[net.lang.c] ANSI C and the C Pre-Processor

hansen@pegasus.UUCP (09/06/84)

One of the minor(?) changes being proposed for the C standard is a change in
the C Pre-Processor to change it from a totally character oriented processor
closer to a token processor. It already does this to a certain degree by
recognizing comments as separate tokens that don't get scanned for text to
be replaced. However, this idea is being extended to include strings and
character constants as tokens that don't get scanned for replacement text.
The idea is to prevent bugs similar to the following:

#define foo(d,g)	printf("%d,%d", d, g)

This would expand 

	foo(f,e);

to

	printf("%f,%f", f, e);

and suddenly your integer variables f and e would be getting printed out in
%f format rather than %d format. Under the new rules, the expansion would be:

	printf("%d,%d", f, e);

This certainly solves the above problem. However, I have seen plenty of
programs which use some of the following constructs:

#define libpath(x)		"/usr/lib/x"
#define CTRL(x)			('x'&037)
#define PRINT1(format,arg)	printf("arg=%format.\n", arg);

A common place to find the libpath construct is in uparm.h used by (among
many others) the vi, curses, terminfo and termcap packages on both System Vr2
machines and 32V/BSD machines.

I don't know of any system code that depends on the CTRL example, but I know
of a number of people who have used it in the past.

Those of you who have read the C Puzzle Book will realize that NONE of Alan
Feuer's programs will work anymore!


The questions are: Should this change be endorsed? If so, what should be
done to bring back the lost functionality? If not, how would you make CPP
more regular in its scanning rather than that which is the de-facto standard
from Reiser?

One possibility would be to introduce a new construct #sdefine which has the
special property that strings and character constants would also be scanned
for replacement; otherwise it would be identical to #define. The programs
which use the above constructs would have to be changed to use #sdefine
instead of #define, but no other changes would have to be made.

Without something to replace the lost functionality, I feel that the number
of programs which would have to be changed would be major.

					Tony Hansen
					pegasus!hansen

hamilton@uiucuxc.UUCP (09/08/84)

#R:pegasus:-169100:uiucuxc:21000013:000:211
uiucuxc!hamilton    Sep  7 21:03:00 1984

c'mon, is it all that hard to avoid using "d" as a formal parameter for
your "foo" macro?  why break so many working programs to "fix" such a
nonproblem?
	wayne ({decvax,ucbvax}!pur-ee!uiucdcs!uiucuxc!)hamilton

henry@utzoo.UUCP (Henry Spencer) (09/18/84)

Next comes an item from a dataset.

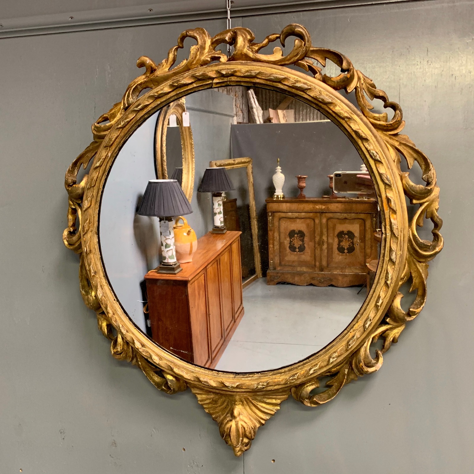 Large 18th Century Italian Carved Giltwood Round Mirror (1 of 9)

> ............ However, this idea is being extended to include strings and
> character constants as tokens that don't get scanned for replacement text.

K+R, section 12.1:  "Text inside a string or a character constant is
not subject to replacement."  In other words, this is not something new:
the language has always been specified to behave that way.

> ........................................ However, I have seen plenty of
> programs which use some of the following constructs:
> 
> #define libpath(x)		"/usr/lib/x"
> #define CTRL(x)			('x'&037)
> #define PRINT1(format,arg)	printf("arg=%format.\n", arg);

Such programs are broken and unportable.  Most non-Unix C compilers have
been implemented "by the book", which means that none of the above things
will work on them unless the implementors had a lot of Unix experience
or had a Unix system to compare against.

> The questions are: Should this change be endorsed? If so, what should be
> done to bring back the lost functionality? If not, how would you make CPP
> more regular in its scanning rather than that which is the de-facto standard
> from Reiser?

Of course it should be endorsed, since it's not really a change at all.
The standard is the documentation, not Reiser's code.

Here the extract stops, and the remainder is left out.